# More examples FastSpeech2

<div class="alert alert-info">

This tutorial is available as an IPython notebook at [malaya-speech/example/tts-more-fastspeech2](https://github.com/huseinzol05/malaya-speech/tree/master/example/tts-more-fastspeech2).
    
</div>

<div class="alert alert-warning">

This module is not language independent, so it not save to use on different languages.
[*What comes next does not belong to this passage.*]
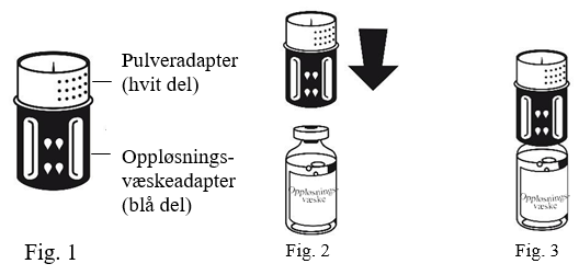 Overføringssettet er vist i figur 1. Sett hetteglasset med oppløsningsvæske på et flatt underlag, og hold det fast. Snu overføringssettet opp-ned. Plasser den blå delen av overføringssettet over hetteglasset med oppløsningsvæske og press bestemt ned til den knepper på plass (Figur 2 og 3). Ikke vri når den festes.
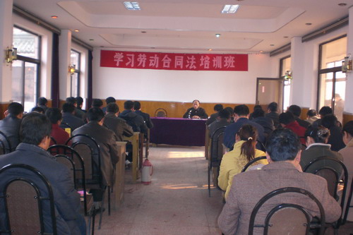 《中华人民共和国劳动合同法》将于2008年1月1日起施行,为了加强全场管理人员对《劳动合同法》的学习和了解,正确运用《劳动合同法》处理劳动关系,规范企业劳动合同管理,避免劳动争议发生,构建企业和谐稳定的劳动关系。12月4日下午,大圹圩农场邀请天长市劳动局和天长市劳动监察大队有关专业人员来场举办《劳动合同法》专题辅导培训班。场领导和全场管理人员50多人参加培训。

Pretrained models trained on hyperlocal languages.
    
</div>

<div class="alert alert-warning">

This is an application of malaya-speech Pipeline, read more about malaya-speech Pipeline at [malaya-speech/example/pipeline](https://github.com/huseinzol05/malaya-speech/tree/master/example/pipeline).
    
</div>

In [1]:
import malaya_speech
import numpy as np
from malaya_speech import Pipeline
import matplotlib.pyplot as plt
import IPython.display as ipd

### List available FastSpeech2

In [2]:
malaya_speech.tts.available_fastspeech2()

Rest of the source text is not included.